Fast forward to the past

Fast forward to the past

Music documentary

Fast forward to the past

A music afficionado who is the editor of a leading music magazine ‘Indiecision’, Arjun S Ravi is also the director of OML, co-founder of ‘NH7 Weekender’ and very recently, a documentary filmmaker. A music journalist, he initially set out to write a book on the inception and evolution of independent music in India. Twenty discarded chapters later, his plan took on a twist when he was approached by Red Bull Media House to make a video piece on the same thriving topic, which helped him unfold his creative talent for documentary filmmaking.

Two years of determined effort and the result is the unconventional six-part web documentary series — ‘Standing By’. This being his first real tryst with filmmaking, Arjun jovially says, “I can now write a book on why not to make a documentary!” An intriguing and extensively researched piece, ‘Standing By’ uncovers and documents the history of independent music in India and unearths some of the most interesting stories which were fundamental to the formation of independent music in the country. It amalgamates over 100 interviews including those of musical legends like Usha Uthup and Amyt Datta, and the best known names in the present music scene like Nikhil Chinapa, Monica Dogra and Vishal Dadlani.

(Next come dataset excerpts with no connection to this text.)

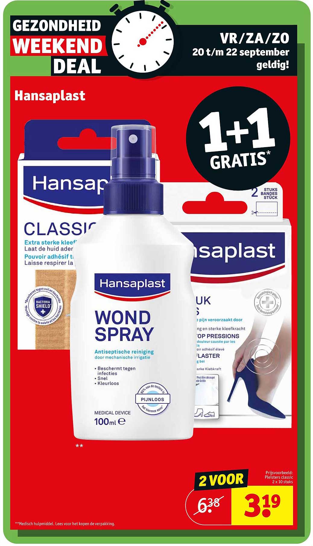 Bekijk nu de Hansaplast WOND SPRAY aanbieding in de Kruidvat folder. Deze aanbieding is geldig van 16-09-2024 tot en met 22-09-2024.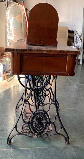 Preciosa máquina de coser antigua de la marca Singer. Ideal para decoración o coleccionistas. - Máquina de hierro fundido, con estructura robusta y detallada. - Diseño clásico y elegante. - Superficie de madera en la mesa. - Funciona sin problemas.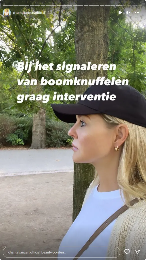 Nadat haar Stories volledig volstaan met natuurfoto's plaatst ze na een tijdje: "Bij het signaleren van boomknuffelen graag interventie bellen". Het lijkt erop dat de blondine verwijst naar het nieuwe ritueel van Dave. Zie onderstaande foto's.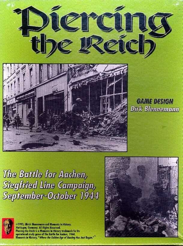 Piercing the Reich: The Battle for Aachen, Siegfried Line Campaign, Sep-Oct 1944 is an operational level simulation of the Battle of Aachen, 12 September to 21 October 1944. Piercing the Reich is modeled after a modified version of the popular Triumphant Fox: Rommel's Finest Hour – The Gazala Battles May-June 1942 gaming system, using an innovative...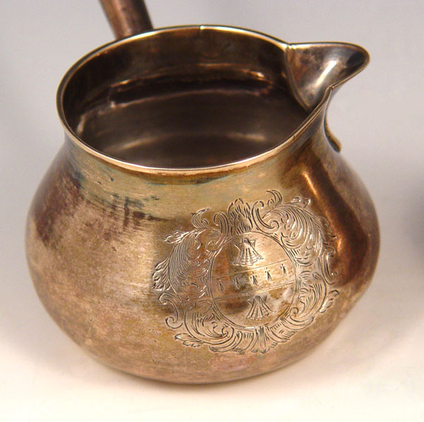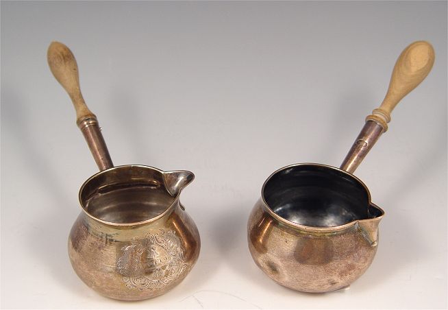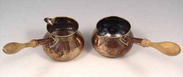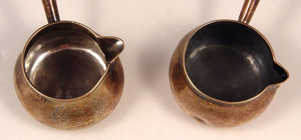 2 PIECE EARLY 19TH C. ENGLISH STERLING SAUCE LADLES: To include 1) 1806 London William Fountain? hallmarked with wood handle. 3'' h. x 6 1/4'' l. 2) 1813 London, unknown maker hallmarked with wood handle, engraved design. 3 1/8'' h x 6'' l.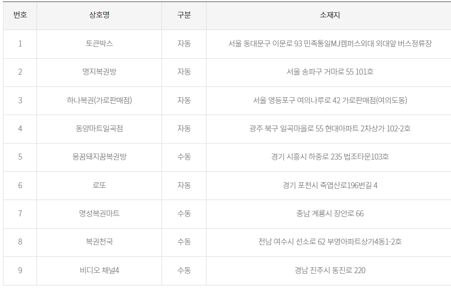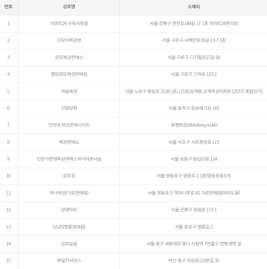 11 하나복권(가로판매점) 서울 영등포구 여의나루로 42 가로판매점(여의도동)

“It was quite a learning experience. We shortlisted many names, which became a long list of over 500 people. Even though we were able to cover just five cities, we were on roads for 40 days and conducted five to six interviews each day, which were about two to three hours long! We did a lot of secondary research that was available in the form of publications and archives. We then had to fill the blank and identify the best,” he explains. One and a half years of constant backbreaking work, the result was 400 hours of footage that needed crisp editing. “Hats off to the post-production team for their unmatched work,” he says.

The six-series documentary begins with the exploration of the jazz scene in the country in 1947 and proceeds to the 60s and 70s and the rise of beat groups, the mid 70s to late 80s with the nationwide spread rock and, later, metal, the 90s with MTV and the music video explosion and finally to the dance music boom of the present day. However, there were more interesting archives that he uncovered and he explains, “It is interesting how music in India has come from all around the world and how we made it our own. Our research revealed how pop music was there in India for more than a century, even before the inception of Bollywood music. Every bit of this is not included in the 30-minute long series, which is why we came up with the concept of a digital timeline to complement the documentary.” The timeline gives a detailed insight of the music scene from the 40s to present day and has 80 to 100 video clips that are not found in the original documentary.

He continues, “It was interesting to explore the rich music legacy in India. The documentary starts with the exploration of the 1990s, but even in 1800s, there were unconventional genres like opera that existed here.” With hard-hitting interviews that has each one’s version of history, he puts forth, “It is an honest effort to express everything that is relevant. Some of the bytes might be contradictory to each other, but all of them are honest in their presentation.”

Ask him about his personal experience as a filmmaker and he says, “I have unravelled many things that I did not know about myself. I was anxious and incredibly hesitant at first as I had to talk and record and not write, which I have been doing for the longest time. But it was an enjoyable process and is very rewarding.”